Friday, March 28, 2008

The Jews and the Civil War

The largest ethnic group fighting for the Confederacy during the Civil War was the Jews. It is estimated that 10,000 fought for the South. This included first through the third generations, and many old Jewish families from both the Sephardic and the Ashkenazic branches of Judaism. Jews had lived in Charleston, South Carolina since 1695. By 1800 the largest Jewish community was here. The oldest synagogue in America was in that city—Beth Elohim. By 1861, a third of all Jews in America lived in Louisiana.

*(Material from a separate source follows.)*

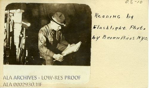 Soldier Reading by Flashlight | The American Library Association Archives

It was stated by one Rabbi that only in the South were the Jews afforded such an opportunity to be completely equal. To show respect, General Robert E. Lee allowed Jewish soldiers when possible to celebrate all holy days. Unfortunately, Generals Grant and Sherman issued anti-Jewish orders.

One of the most respected officers for the South was General Abraham Myers, an 1832 West Point graduate and classmate of Lee. The city of Fort Myers was named after him. Another Jew, Major Adolph Proskauer of Mobile, Alabama, was wounded several times. One officer said of him: "I can see him now as he nobly carried himself at Gettysburg, standing coolly and calmly at the head of the 12th Alabama amid a perfect rain of bullets, shot, and shell. He was the personification of intrepid gallantry and imperturbable courage."

From North Carolina, six brothers from the Cohen family fought in the 40th Infantry. The first Confederate Jew killed in the war was Albert Lurie Moses of Charlotte. All-Jewish companies were formed from about six Confederate cities.

Many Jews became renowned after the war. Moses Jacob Ezekiel became a world famous sculptor. Judah Benjamin was the first Jewish senator and later declined a seat on the Supreme Court. He was educated at Yale. During the conflict he became the Confederacy attorney general. Physician Simon Baruch from Germany, became the surgeon general of the South. He received his medical degree from the Medical College of Virginia. If a band struck up "Dixie," Dr. Baruch would jump up and give the Rebel yell! He let loose the yell even in the Metropolitan Opera House! His son Bernard became one of the most successful financiers of the twentieth century. He became an adviser to presidents from World War I to World War II and became a confidant of President Franklin Roosevelt.

Today there is very little left of the "Jewish South." Most do not know of the contribution that large community played during those troubled times.